● **Directions for this task**
Print the full set of records below, character for character and picture-free.

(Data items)
——————

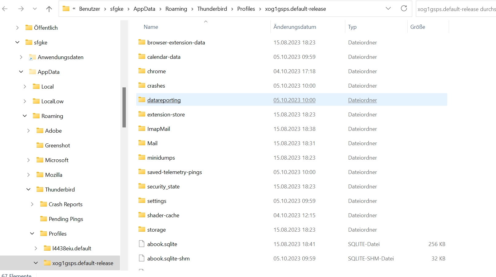 Ferner, nur um sicher zu gehe, dass das aktive Profil im Blick ist: via Hilfe > weitere Informationen zur Fehlerbehebung > Profilordner > Button 'Ordner öffnen' .. was wird Dir als Speicherort angezeigt?
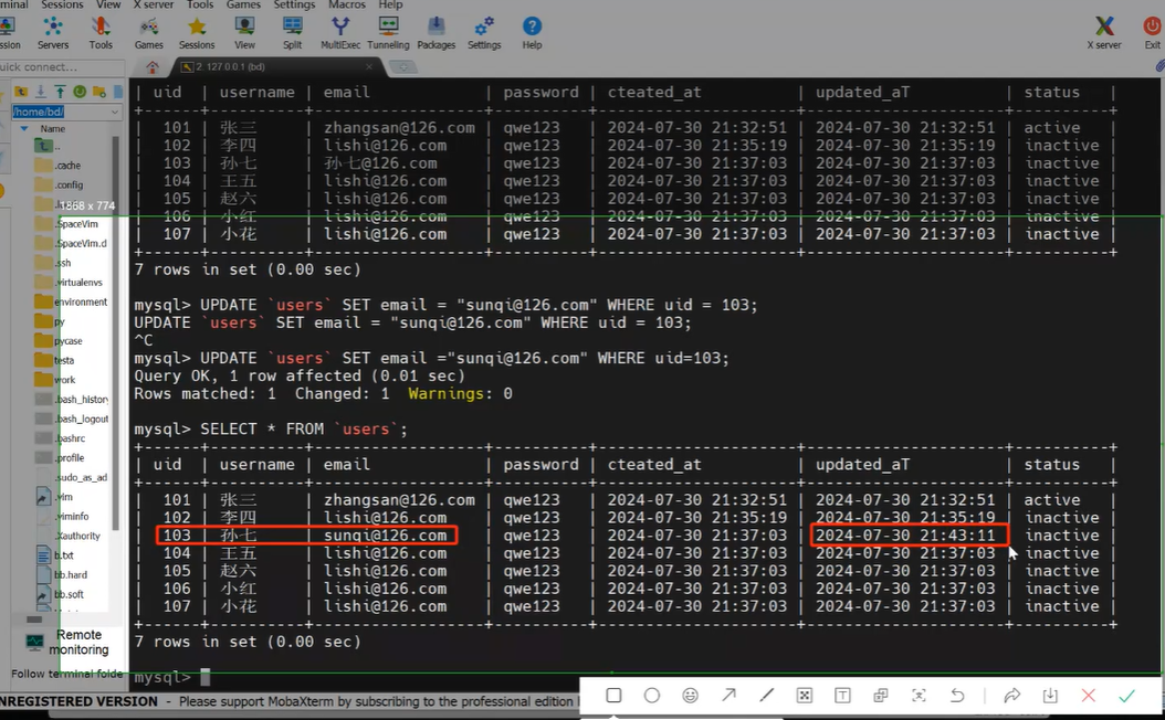 (103,"孙七","孙七@126.com","qwe123","inactive"),
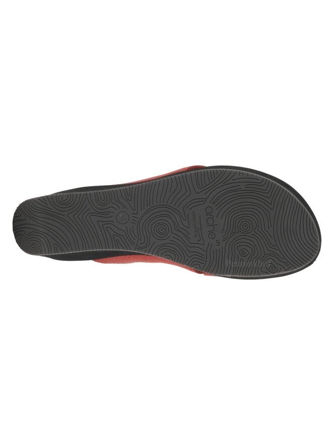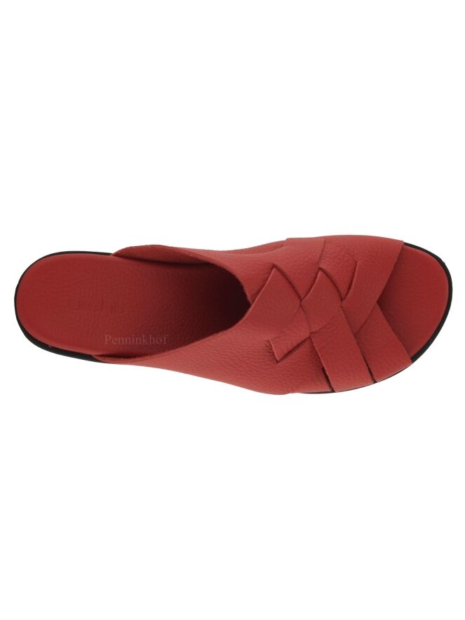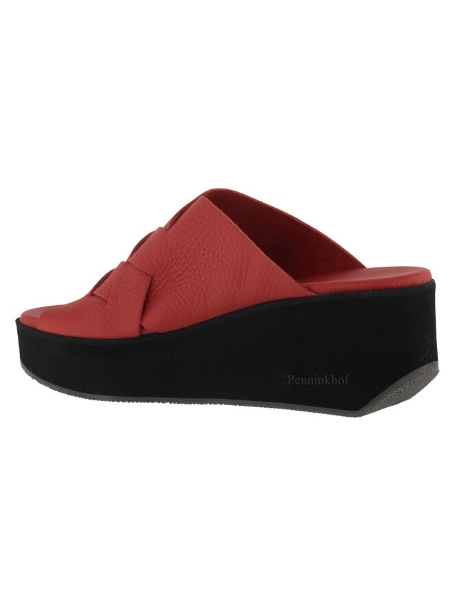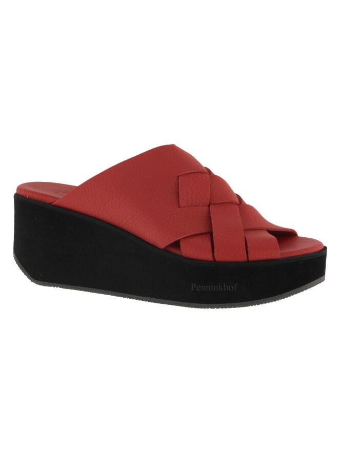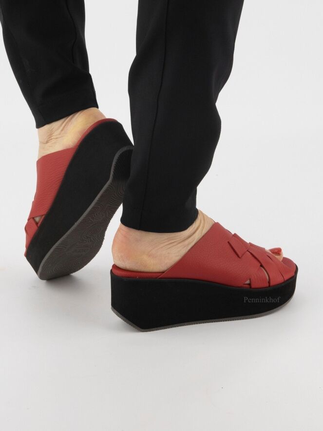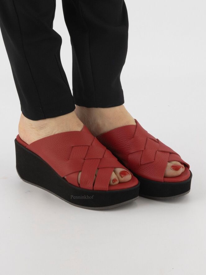 Sandale à semelle compensée de la marque Arche, de couleur rouge. Le cuir est tressé sur l'avant-pied. L'assise plantaire est de la même matière et de la même couleur que le cuir.
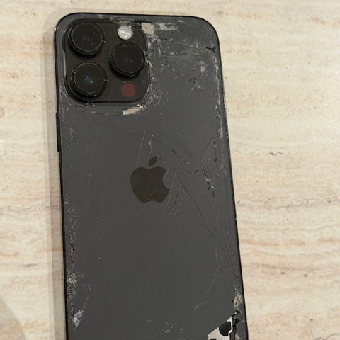 Apple iPhone XR mobiltelefon med 64 GB lagringskapasitet. Enheten har en svart farge og viser tegn på bruk med flere riper på skjerm og litt knust bakside.
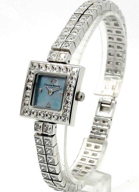 Французские часы Christian Bernard JY744ZWBF Пол: Женские. Часовой механизм: Кварцевый. Материал корпуса часов: Нержавеющая сталь, Цирконы. Стекло: Сапфировое. Тип браслета/ремня: Нержавеющая сталь ,. Цирконы. Водозащита.: 3. ATM. Циферблат: Синий перламутр. Функции: часы, минуты. Размеры корпуса: 18 х 18 мм. Гарантия 24 месяца!
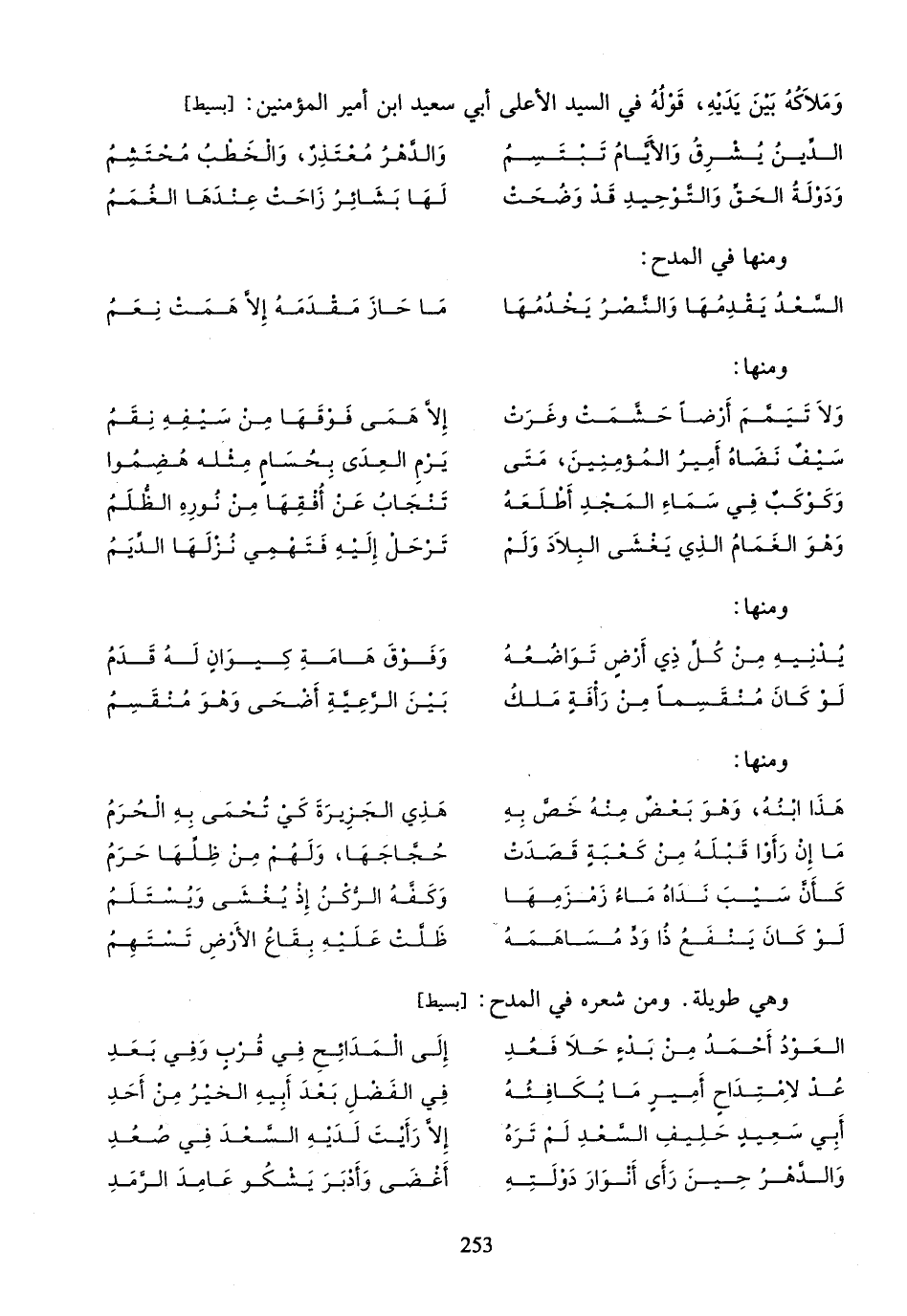 وهي طويلة. ومن شعره في المدح: [بسيط]
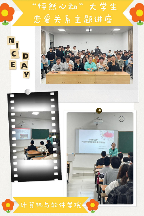 在大学校园里,恋爱是一个备受关注的话题。大学生正处在青春后期阶段,容易对异性产生好感,渴望得到异性的关注。但是由于缺乏与异性交往的经验和教育,往往会面临诸多问题和困扰。为了帮助大家了解亲密关系,理性对待恋爱关系,计算机与软件学院心理辅导员徐清老师于2023年4月14日下午三点半在乐群楼301教室为大家开讲“怦然心动”大学生恋爱关系主题心理讲座。

——————

● **Reply to the exercise**
 Ferner, nur um sicher zu gehe, dass das aktive Profil im Blick ist: via Hilfe > weitere Informationen zur Fehlerbehebung > Profilordner > Button 'Ordner öffnen' .. was wird Dir als Speicherort angezeigt?
 (103,"孙七","孙七@126.com","qwe123","inactive"),
 Sandale à semelle compensée de la marque Arche, de couleur rouge. Le cuir est tressé sur l'avant-pied. L'assise plantaire est de la même matière et de la même couleur que le cuir.
 Apple iPhone XR mobiltelefon med 64 GB lagringskapasitet. Enheten har en svart farge og viser tegn på bruk med flere riper på skjerm og litt knust bakside.
 Французские часы Christian Bernard JY744ZWBF Пол: Женские. Часовой механизм: Кварцевый. Материал корпуса часов: Нержавеющая сталь, Цирконы. Стекло: Сапфировое. Тип браслета/ремня: Нержавеющая сталь ,. Цирконы. Водозащита.: 3. ATM. Циферблат: Синий перламутр. Функции: часы, минуты. Размеры корпуса: 18 х 18 мм. Гарантия 24 месяца!
 وهي طويلة. ومن شعره في المدح: [بسيط]
 在大学校园里,恋爱是一个备受关注的话题。大学生正处在青春后期阶段,容易对异性产生好感,渴望得到异性的关注。但是由于缺乏与异性交往的经验和教育,往往会面临诸多问题和困扰。为了帮助大家了解亲密关系,理性对待恋爱关系,计算机与软件学院心理辅导员徐清老师于2023年4月14日下午三点半在乐群楼301教室为大家开讲“怦然心动”大学生恋爱关系主题心理讲座。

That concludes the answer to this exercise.